Patient respiratory-triggered quantitative T2 mapping in the pancreas.

BACKGROUND: Long acquisition times and motion sensitivity limit T2 mapping in the abdomen. Accelerated mapping at 3 T may allow for quantitative assessment of diffuse pancreatic disease in patients during free-breathing.
PURPOSE: To test the feasibility of respiratory-triggered quantitative T2 analysis in the pancreas and correlate T2 -values with age, body mass index, pancreatic location, main pancreatic duct dilatation, and underlying pathology. STUDY TYPE: Retrospective single-center pilot study. POPULATION: Eighty-eight adults. FIELD STRENGTH/SEQUENCE: Ten-fold accelerated multiecho-spin-echo 3 T MRI sequence to quantify T2 at 3 T. ASSESSMENT: Two radiologists independently delineated three regions of interest inside the pancreatic head, body, and tail for each acquisition. Means and standard deviations for T2 values in these regions were determined. T2 -value variation with demographic data, intraparenchymal location, pancreatic duct dilation, and underlying pancreatic disease was assessed. STATISTICAL TESTS: Interreader reliability was determined by calculating the interclass coefficient (ICCs). T2 values were compared for different pancreatic locations by analysis of variance (ANOVA). Interpatient associations between T2 values and demographical, clinical, and radiological data were calculated (ANOVA).
RESULTS: The accelerated T2 mapping sequence was successfully performed in all participants (mean acquisition time, 2:48 ± 0:43 min). Low T2 value variability was observed across all patients (intersubject) (head: 60.2 ± 8.3 msec, body: 63.9 ± 11.5 msec, tail: 66.8 ± 16.4 msec). Interreader agreement was good (ICC, 0.82, 95% confidence interval: 0.77-0.86). T2 -values differed significantly depending on age (P < 0.001), location (P < 0.001), main pancreatic duct dilatation (P < 0.001), and diffuse pancreatic disease (P < 0.03). DATA
CONCLUSION: The feasibility of accelerated T2 mapping at 3 T in moving abdominal organs was demonstrated in the pancreas, since T2 values were stable and reproducible. In the pancreatic parenchyma, T2 -values were significantly dependent on demographic and clinical parameters. LEVEL OF EVIDENCE: 4 Technical Efficacy: Stage 1 J. Magn. Reson. Imaging 2019;50:410-416.
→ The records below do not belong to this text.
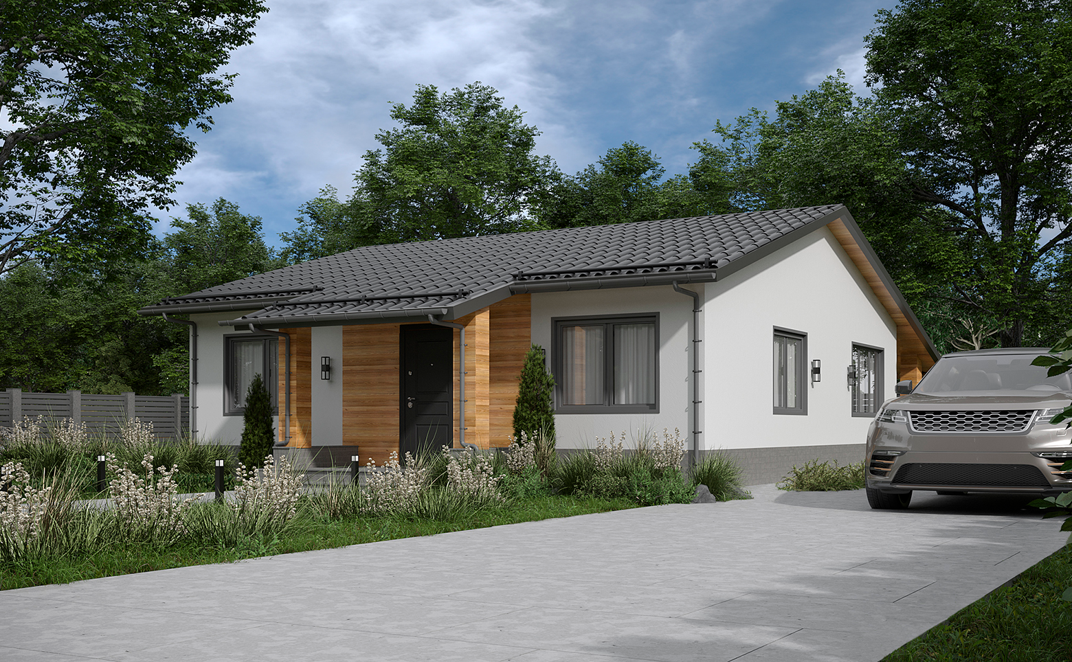 В поселке представлены 1-этажные и 2-этажные коттеджи с просторными планировками. В них предусмотрены потолки высотой 3 метра, стандартные окна, терраса и большая кухня-гостиная. Дома идут без отделки, но можно заказать подчистовую отделку. В базовую комплектацию входит полный цикл строительных работ, включая заливку фундамента, возведение стен и кровли, установку окон и дверей.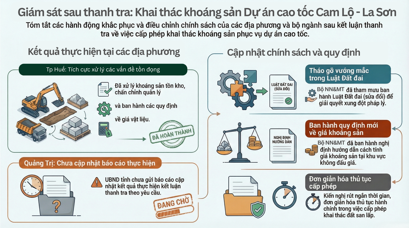 (Thanh tra) - Thanh tra Chính phủ vừa có Văn bản số 3196/BC-TTCP ngày 8/12/2025 báo cáo Phó Thủ tướng Thường trực Chính phủ Nguyễn Hòa Bình về kết quả theo dõi, đôn đốc việc thực hiện Kết luận thanh tra số 1782/KL-TTCP ngày 4/8/2023 của Thanh tra Chính phủ về thanh tra việc cấp phép khai thác khoáng sản làm vật liệu xây dựng thông thường tại các tỉnh Quảng Bình, Quảng Trị, Thừa Thiên - Huế (cũ) để cung cấp cho Dự án thành phần đầu tư xây dựng đoạn Cam Lộ - La Sơn.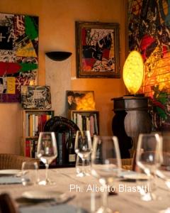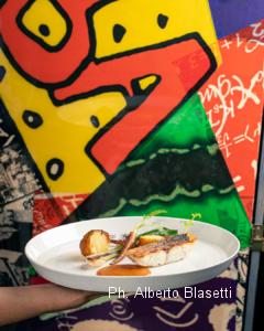 Seppur il territorio lasci traspirare sentori di trattorie tipiche o di sapori tradizionali, urge che adoperiate un reset se siete diretti fin qui. Protagonisti, cucina e identità si distaccano da qualsivoglia locale che potrete scovare nel circondario. E non solo qui nei paraggi. Che sia un luogo fuori dal comune, noi lo appuriamo appena affacciati all’esterno, ammirando uno street artist di fama mondiale – Paolo Capezzuoli AKA Zero-T – mentre sta pittando le pa- reti della struttura con un mega murales in omaggio alle passioni dei due titolari. “Commissionare questi graffiti è per noi un modo di lasciare un segno artistico nel tempo” ci spiega subito Mariella Gennari, proprietaria da cui prende nome l’insegna. “Cibo e vino li consumiamo fin troppo rapidamente, mentre speriamo che quest’opera rimanga impressa più a lungo quale lascito di chi siamo”. Paolo modella con volteggi di spray e riflessi cromatici un’intera parete di bottiglie stilizzate alla base dell’ingresso, proprio sotto un cimitero di etichette d’annata piazzate nei vasi come testimonianza delle numerose bevu- te. “Ci piacciono più le bottiglie dei fiori perché hanno bisogno di meno acqua” afferma svelta Mariella, ironizzando sullo scenario disposto tutt’attorno. Che tipa tosta lei. Look garbatamente freak – con t-shirt di Che Guevara indosso – e la battuta sempre in canna di chi ne ha viste e vissute davvero tante. Ci accoglie nell’anticamera di un ristoro che trasuda fascino retrò, porgendoci pane, olio, qualche fetta di salame e scaglie di Parmigiano extra buono. “Prendo tutto, quando possibile, da artigiani locali o piccole realtà di nicchia – dice – anche il pane. Non sarà perfetto, ma lo fa l’ultimo forno serio di zona. Preferisco sostenere il territorio come posso, con questi piccoli gesti. Se poi c’è necessità di qualcosa di più particolare, però, non si disdegnano anche i distributori. L’importante è es- sere coerenti e rispettosi sempre”. L’aperitivo dipana il languore e ben dispone ad ascoltare la storia della Locanda.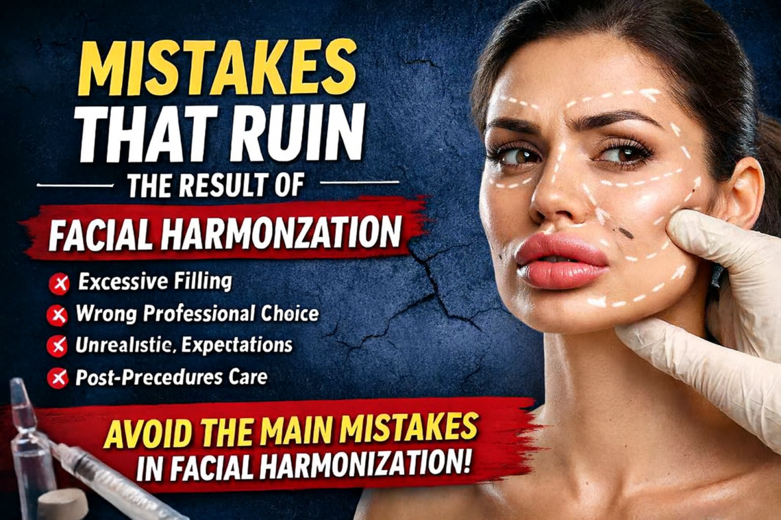 Introduction Facial harmonization has become one of the most sought-after aesthetic procedures in Brazil in recent years. With increasingly modern and minimally invasive techniques, the treatment aims to balance facial proportions, soften signs of aging, and enhance the face’s natural beauty. However, despite its growing popularity, many results fall short of expectations—and in some cases lead to frustration, regret, and even health complications. Most of these unsatisfactory outcomes are not related to the procedure itself, but rather to mistakes made before, during, or after facial harmonization. Unrealistic expectations, poor professional selection, excessive product use, and lack of proper post-procedure care are among the main factors that compromise the final result.…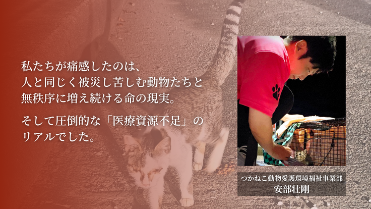 この活動中に私たちが痛感したのは、人と同じく被災し苦しむ動物たちと無秩序に増え続ける命の現実。そして圧倒的な「医療資源不足」のリアルでした。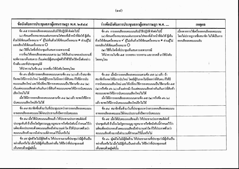 ตารางเปรียบเทียบ ข้อบังคับการประชุมสภาผู้แทนราษฎร พ.ศ. ๒๕๔๔ กับ ร่างข้อบังคับการประชุมสภาผู้แทนราษฎร พ.ศ. ....

WHILE T1‐ AND T2‐WEIGHTED IMAGING are the mainstay of most clinical magnetic resonance imaging (MRI) protocols, high‐resolution parametric T2 maps can be clinically relevant for measuring tissue properties.1 Unlike conventional MR sequences, which evaluate morphological alterations, T2 mapping (or T2 relaxometry) enables quantification of the transverse relaxation time of the underlying tissues.2 This evaluation is assumed to be more sensitive and reproducible than the visual assessment of T2‐weighted MR images for identifying minor contrast changes (eg, tissue edema).3 For this reason, it is applied for quantifying well‐defined pathologies (eg, cardiac iron overload or cartilage degeneration).4, 5

T2 mapping has been introduced into clinical practice for various organs and tissues, including brain,6, 7, 8 heart,4, 9 and cartilage.5, 10, 11, 12 In neuroradiology, a microstructural change, such as neuronal loss or demyelination, results in increased free water and thus longer T2 relaxation times and greater signal intensity on T2‐weighted MRI images.13 Furthermore, T2 mapping is used to assess cartilage damage in musculoskeletal imaging10, 11, 12 and to evaluate cardiac edema and fibrosis.9

T2 mapping in the abdomen has proven more difficult because of movement of the abdominal organs with breathing. In addition, bowel peristalsis can result in motion artifacts. However, the technique has already been successfully applied in the liver for diffuse disease, such as iron overload14 and cirrhosis.2, 15 Of note, in one of these reports analysis of the left liver lobe was avoided because of motion artifact.2 Otherwise, motion as a limitation has not been addressed, mainly because of attention to analysis of diffuse parenchyma and not focal lesions.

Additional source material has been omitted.